Cet homme avait sans doute le désir d’être guéri, mais tout autant la foule, c’est elle qui a supplié Jésus, pas lui ! On veut un miracle ! Lui aussi voulait sans doute être guéri, mais, au fond, sommes-nous toujours prêts à laisser vraiment de côté ce que la maladie vient dire de notre vie, comment elle nous fait exister, comment elle nous positionne par rapport aux autres ? Et sommes-nous vraiment prêts à nous laisser conduire par le Seigneur comme il voudra et où il voudra, avec les étapes qu’il permettra, et au rythme qui sera le sien !
À la fois Dieu se met au pas de l’homme : il le guérit progressivement, comme avec douceur, pour qu’il accueille pleinement ce salut qui vient ; et en même temps c’est un appel pour l’homme aveugle à se laisser faire vraiment, patiemment, à laisser Dieu faire son œuvre comme il veut et dans le rythme et le temps qui sont les siens. Lui seul, Dieu, sait par quelles étapes, peut-être, nous avons besoin de passer.
Mais cette guérison est bien œuvre de Création et de salut ; il s’agit d’ouvrir un chemin nouveau, un chemin de vie où l’on puisse se tenir debout et contempler, se tenir en vivant qui peut envisager le monde et celles et ceux qui sont là. Exister sous le regard de l’autre en le faisant exister désormais sous son propre regard. Être un vivant.
Et c’est bien l’appel qui nous est adressé à tous : devenir des vivants, quelles que soient nos épreuves, nos paralysies ou nos aveuglements. Et apprendre là à nous laisser conduire, consentir à laisser faire son œuvre de vie en nous…

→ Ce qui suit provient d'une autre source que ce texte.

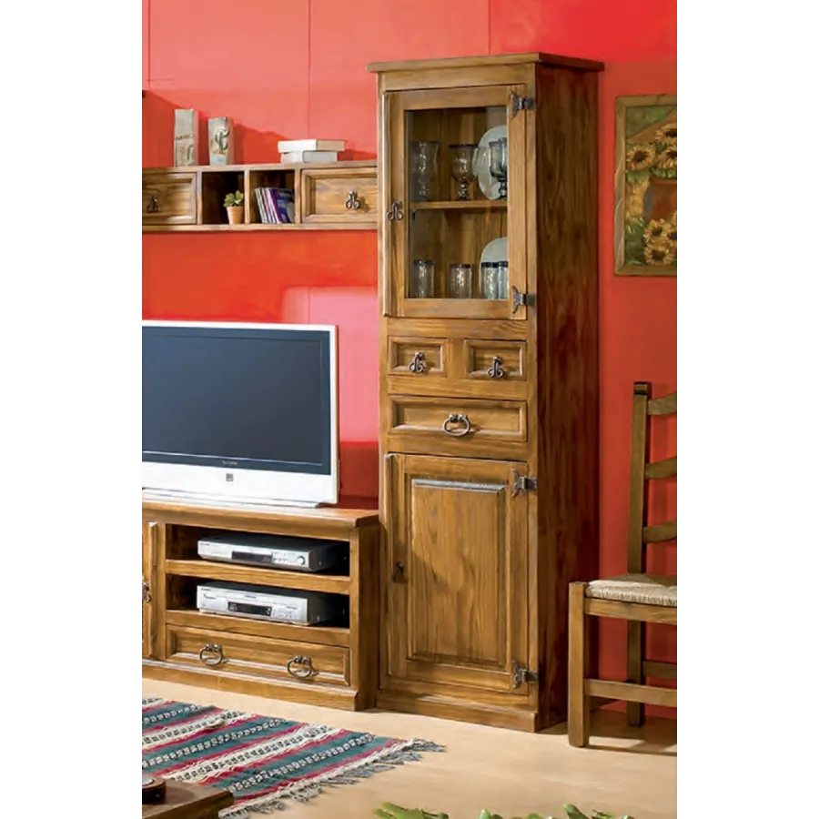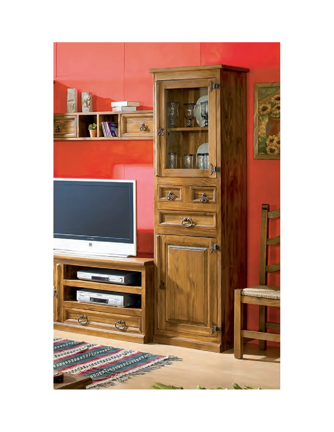 Vitrina lineas rectas en madera maciza de pino estilo mexicano.

J’ai été frappé encore – et je terminerai par là – par l’attente des deux fois 7 jours après le Déluge et sans doute le silence des 7 derniers jours avant que tous puissent sortir de l’Arche. Sept jours pour laisser toute chose s’amuser et 7 jours comme une re-Création lente et silencieuse qui donne d’entendre et contempler intérieurement la vie qui reprend, contempler intérieurement ce qui vient de ce que Dieu vient de faire. Tel un long sabbat.
Notre aveugle guéri lui aussi – qu’on appelle désormais « homme et non plus « aveugle » –, notre homme guéri, qui peut désormais reprendre la route, le chemin d’une vie nouvelle, Jésus lui demande pourtant de ne pas retourner au village, ce village où la foule l’attend, ce village où l’on va le presser de toute part pour qu’il raconte, qu’il dise ce qui s’est passé, on va le questionner, essayer de comprendre.
Non, ne pas retourner au village, dit Jésus, mais faire retour chez lui, dans sa maison – et donc en lui, en sa demeure intérieure ?! – ; faire route seul, sans doute, et donc en silence, tel un sabbat demandé ; et là lui sera donné de recueillir ce que Dieu a fait, et voir l’œuvre de Dieu et la vie qui se sont frayé un chemin en lui.
Et là, en chemin, dans le silence du cœur, pourra jaillir la louange et l’action de grâce, celle du psalmiste et la nôtre en cette eucharistie : « Comment rendrai-je au Seigneur tout le bien qu’il m’a fait ? J’élèverai la coupe du salut, j’invoquerai le nom du Seigneur » … Amen.